Provided data =
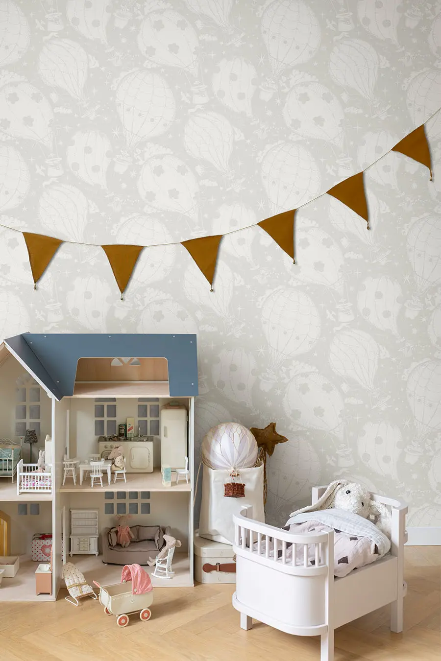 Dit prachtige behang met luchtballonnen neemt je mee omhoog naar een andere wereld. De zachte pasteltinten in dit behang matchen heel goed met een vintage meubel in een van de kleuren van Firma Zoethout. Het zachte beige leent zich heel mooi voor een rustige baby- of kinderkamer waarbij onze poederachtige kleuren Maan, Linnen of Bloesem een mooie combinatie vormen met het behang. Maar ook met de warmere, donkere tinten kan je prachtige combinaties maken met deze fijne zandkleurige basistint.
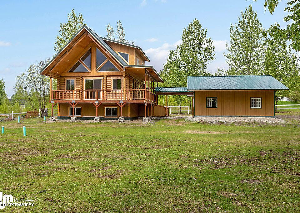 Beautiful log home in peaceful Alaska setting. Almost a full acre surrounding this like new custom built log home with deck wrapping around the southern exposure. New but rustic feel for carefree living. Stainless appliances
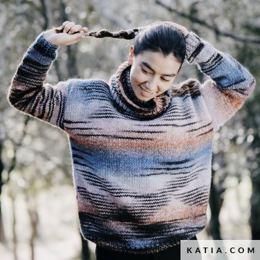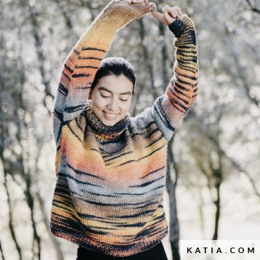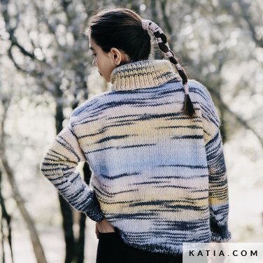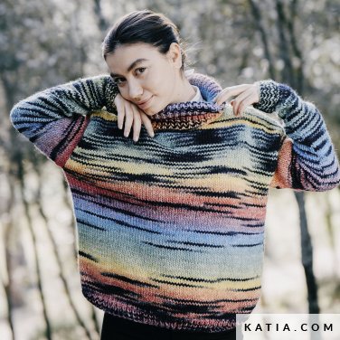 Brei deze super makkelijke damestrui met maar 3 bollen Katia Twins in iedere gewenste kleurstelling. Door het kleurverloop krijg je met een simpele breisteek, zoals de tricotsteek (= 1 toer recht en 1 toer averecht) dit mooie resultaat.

Work order = Where a picture appears, skip it; repeat everything else in the data exactly.

Solution =
 Dit prachtige behang met luchtballonnen neemt je mee omhoog naar een andere wereld. De zachte pasteltinten in dit behang matchen heel goed met een vintage meubel in een van de kleuren van Firma Zoethout. Het zachte beige leent zich heel mooi voor een rustige baby- of kinderkamer waarbij onze poederachtige kleuren Maan, Linnen of Bloesem een mooie combinatie vormen met het behang. Maar ook met de warmere, donkere tinten kan je prachtige combinaties maken met deze fijne zandkleurige basistint.
 Beautiful log home in peaceful Alaska setting. Almost a full acre surrounding this like new custom built log home with deck wrapping around the southern exposure. New but rustic feel for carefree living. Stainless appliances
 Brei deze super makkelijke damestrui met maar 3 bollen Katia Twins in iedere gewenste kleurstelling. Door het kleurverloop krijg je met een simpele breisteek, zoals de tricotsteek (= 1 toer recht en 1 toer averecht) dit mooie resultaat.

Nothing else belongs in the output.